----- Stored data -----

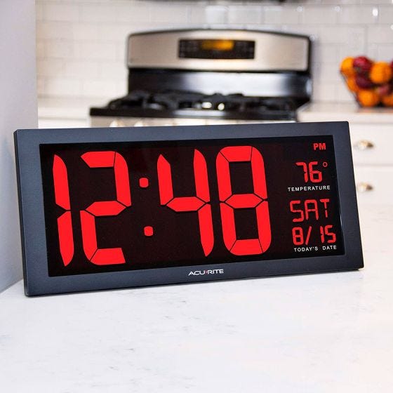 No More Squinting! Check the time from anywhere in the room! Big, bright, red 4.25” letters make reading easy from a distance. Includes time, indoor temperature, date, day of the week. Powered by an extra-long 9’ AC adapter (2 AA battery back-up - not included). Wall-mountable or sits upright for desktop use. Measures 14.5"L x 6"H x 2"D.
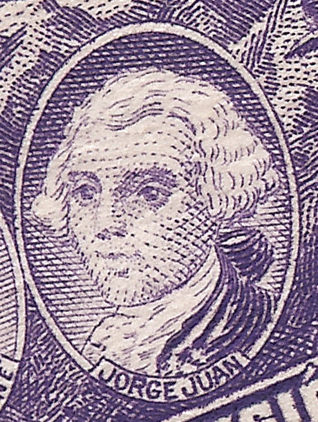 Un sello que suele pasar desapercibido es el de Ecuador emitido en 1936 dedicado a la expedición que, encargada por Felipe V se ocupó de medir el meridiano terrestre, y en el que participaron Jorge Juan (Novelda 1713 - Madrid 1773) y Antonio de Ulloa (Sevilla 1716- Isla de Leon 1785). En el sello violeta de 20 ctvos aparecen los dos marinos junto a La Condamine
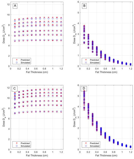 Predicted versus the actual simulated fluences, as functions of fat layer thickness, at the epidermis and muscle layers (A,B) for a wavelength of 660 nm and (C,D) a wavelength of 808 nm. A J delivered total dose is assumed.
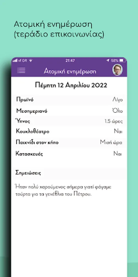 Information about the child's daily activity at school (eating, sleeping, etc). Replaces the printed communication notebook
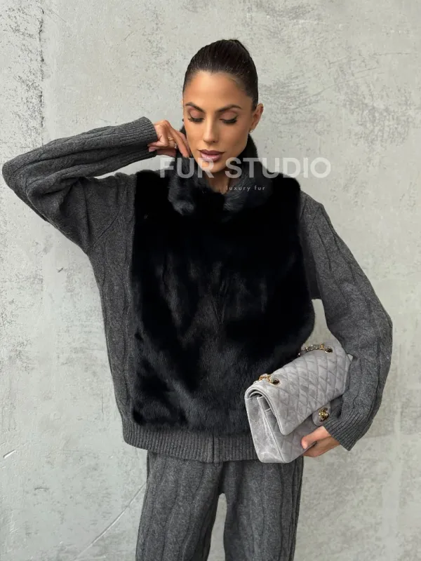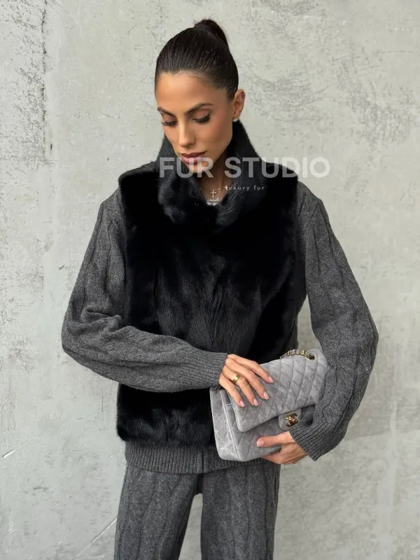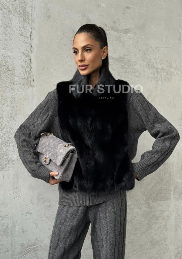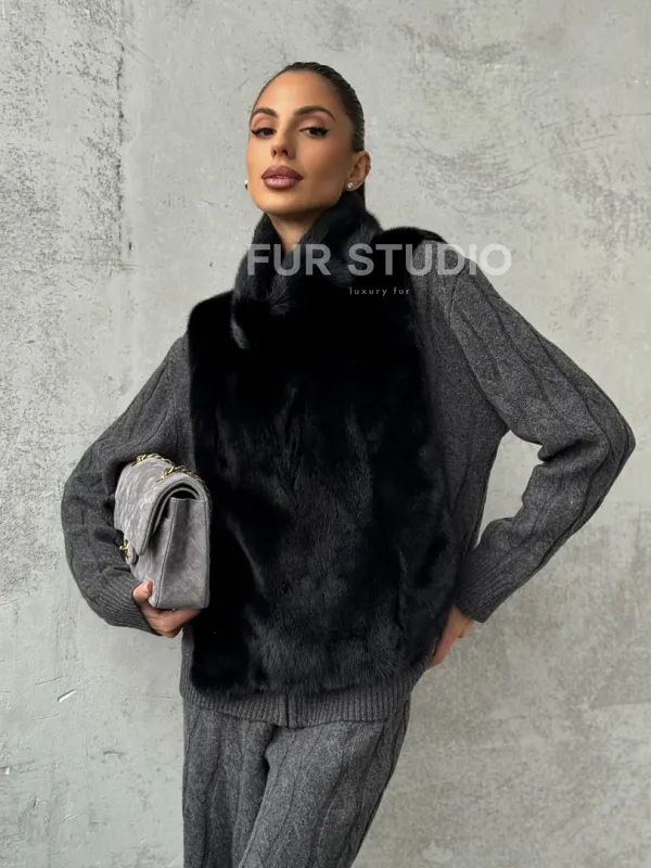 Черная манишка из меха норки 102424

-----

Look above for the line containing "Un sello que" and the line containing "Predicted versus the", then reproduce both and everything between them exactly, pictures omitted.

## Completed exercise
 Un sello que suele pasar desapercibido es el de Ecuador emitido en 1936 dedicado a la expedición que, encargada por Felipe V se ocupó de medir el meridiano terrestre, y en el que participaron Jorge Juan (Novelda 1713 - Madrid 1773) y Antonio de Ulloa (Sevilla 1716- Isla de Leon 1785). En el sello violeta de 20 ctvos aparecen los dos marinos junto a La Condamine
 Predicted versus the actual simulated fluences, as functions of fat layer thickness, at the epidermis and muscle layers (A,B) for a wavelength of 660 nm and (C,D) a wavelength of 808 nm. A J delivered total dose is assumed.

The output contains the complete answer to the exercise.